Cheshire3 Environment (13-22)

13 # Build environment...
14 session = Session()
15 serv = SimpleServer(session, "../configs/serverConfig.xml")
16 db = serv.get_object(session, 'db_tei')
17 recStore = db.get_object(session, 'TeiRecordStore')
18 sax = db.get_object(session, 'TeiParser')
19 
20 dg = BigFileDocumentGroup("tei_files.xml")
21 total = dg.get_length(session)
22

Next we need to set up the Cheshire3 environment which has been configured. The server is built (line 15) by giving it the path to a configuration file. From there, other objects such as the database and recordStore (16-18) to be used are extracted by their identifier.

In order to store and index records, we need to have them in a processable form. Line 20 creates a DocumentGroup from a file named 'tei_files.xml' which contains 'total' number of records (line 21)

Load and Index (23-34)

23 db.begin_indexing(session)
24 recStore.begin_storing(session)
25 for d in range(total):
26     doc = dg.get_document(session, d)
27    try:
28         rec = lx.process_document(session, doc)
29     except:
30         print doc.get_raw()
31         sys.exit()
32     id = recStore.create_record(session, rec)
33     db.add_record(session, rec)
34     db.index_record(session, rec)

First (line 23) we need to tell the database that we're going to be indexing a lot of information. This lets the system handle all of the loading in one go at the end (line 36) and store only temporary information until then. Linewise line 24 tells the record store that it's going to be getting a lot of information coming in, and is closed at line 35

Then we step through each record (25) extracting it from the documentGroup (26). Parsing (28) the record from the raw XML should always happen in a try: (27) block so that if the XML isn't well formed, you can do something sensible with it. The 'sensible' thing in this case is to print it to the screen and then exit the script (30-31)
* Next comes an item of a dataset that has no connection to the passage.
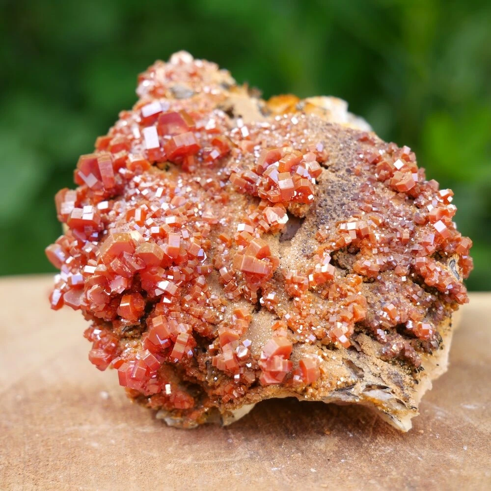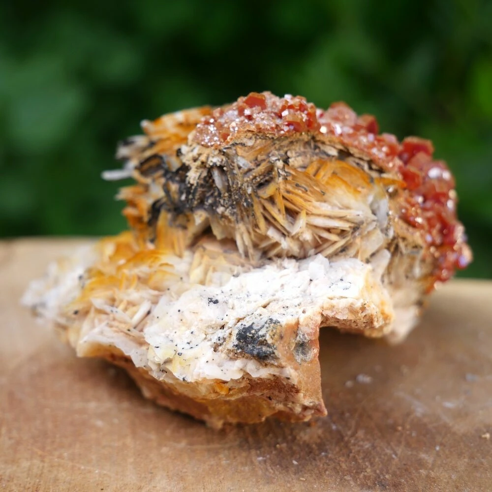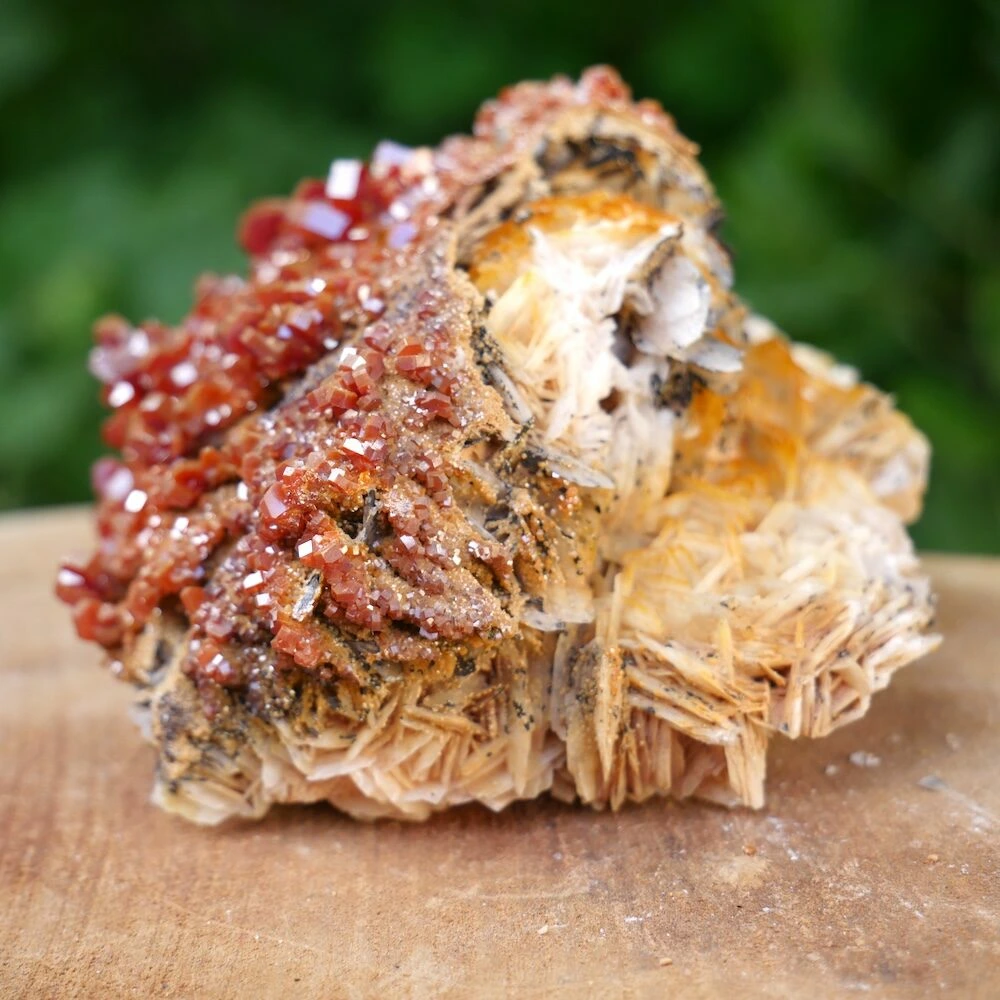 Mooi stuk met fraaie vanadiniet kristallen op roze bariet uit Marokko. De afmeting van dit stuk vanadiniet ruw is ongeveer 9 x 8 x 5 cm. Aantrekkelijk aan dit stuk is dat het rondom vol zit met kristallen en een bijzondere vorm met veel kleuren bariet heeft. Je ontvangt het stuk van de foto.
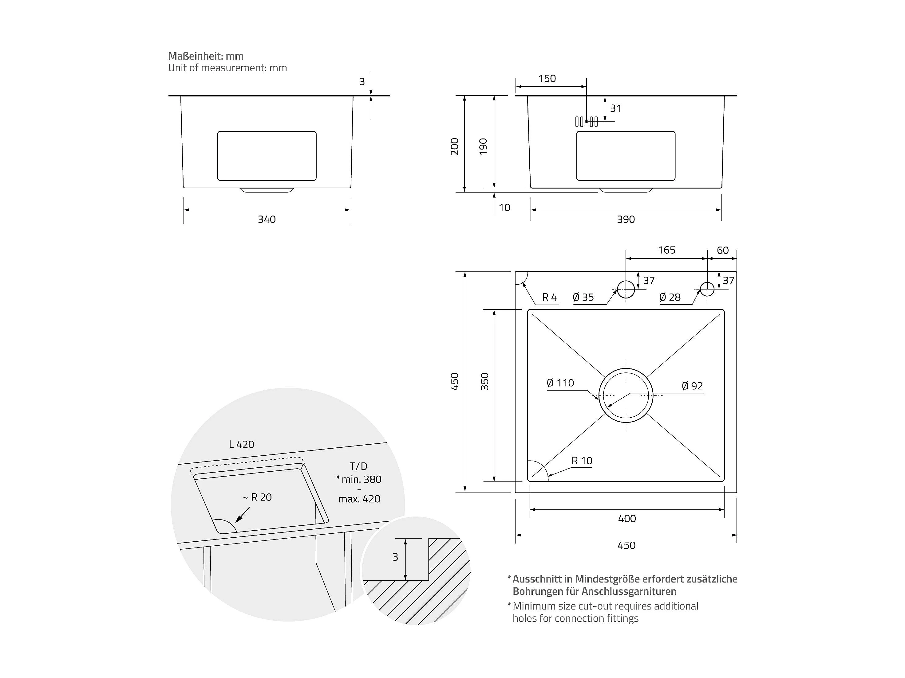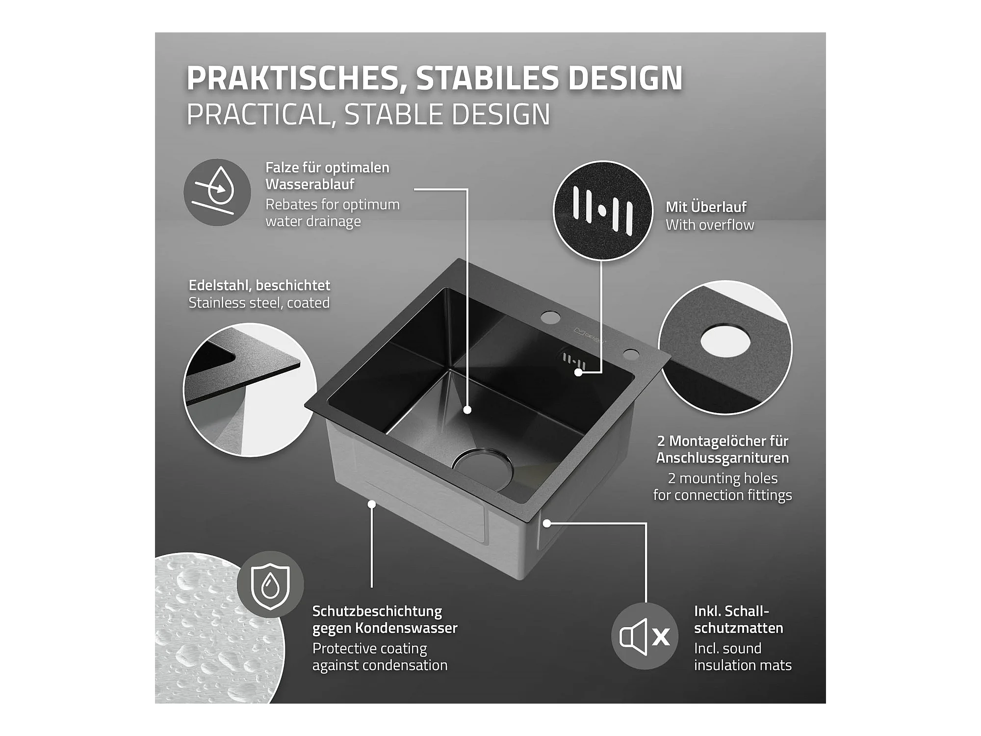 Évier de cuisine à encastrer anthracite 45x45 cm avec 2 trous vidage+trop plein

Once we have a record, we need to store it in the recordStore (line 32). Then we add it to the database (33) [recall that records may be in more than one database] and then index it (34).

Cleanup (35-37)

35 recStore.commit_storing(session)
36 db.commit_metadata(session)
37 db.commit_indexing(session)

Because we're not going to add any more records, we can close the recordStore (line 35). This ensures that any records are flushed to disk, rather than being kept in memory. We also need to commit the metadata about the database (such as the newly added records) to disk and then finally we commit the indexing (line 37).

Complete Example

#!/home/cheshire/install/bin/python
import sys

# Add cheshire to our system path
osp = sys.path
sys.path = ["/home/cheshire/c3/cheshire3/code"]
sys.path.extend(osp)

from baseObjects import Session
from server import SimpleServer
from documentGroup import BigFileDocumentGroup
# Build environment...
session = Session()
serv = SimpleServer(session, "../configs/serverConfig.xml")
db = serv.get_object(session, 'db_tei')
recStore = db.get_object(session, 'TeiRecordStore')
sax = db.get_object(session, 'TeiParser')

dg = BigFileDocumentGroup("tei_files.xml")
total = dg.get_length(session)

recStore.begin_storing(session)
db.begin_indexing(session)
for d in range(total):
    doc = dg.get_document(session, d)
    try:
        rec = lx.process_document(session, doc)
    except:
        print doc.get_raw()
        sys.exit()
    id = recStore.create_record(session, rec)
    db.add_record(session, rec)
    db.index_record(session, rec)
recStore.commit_storing(session)
db.commit_metadata(session)
db.commit_indexing(session)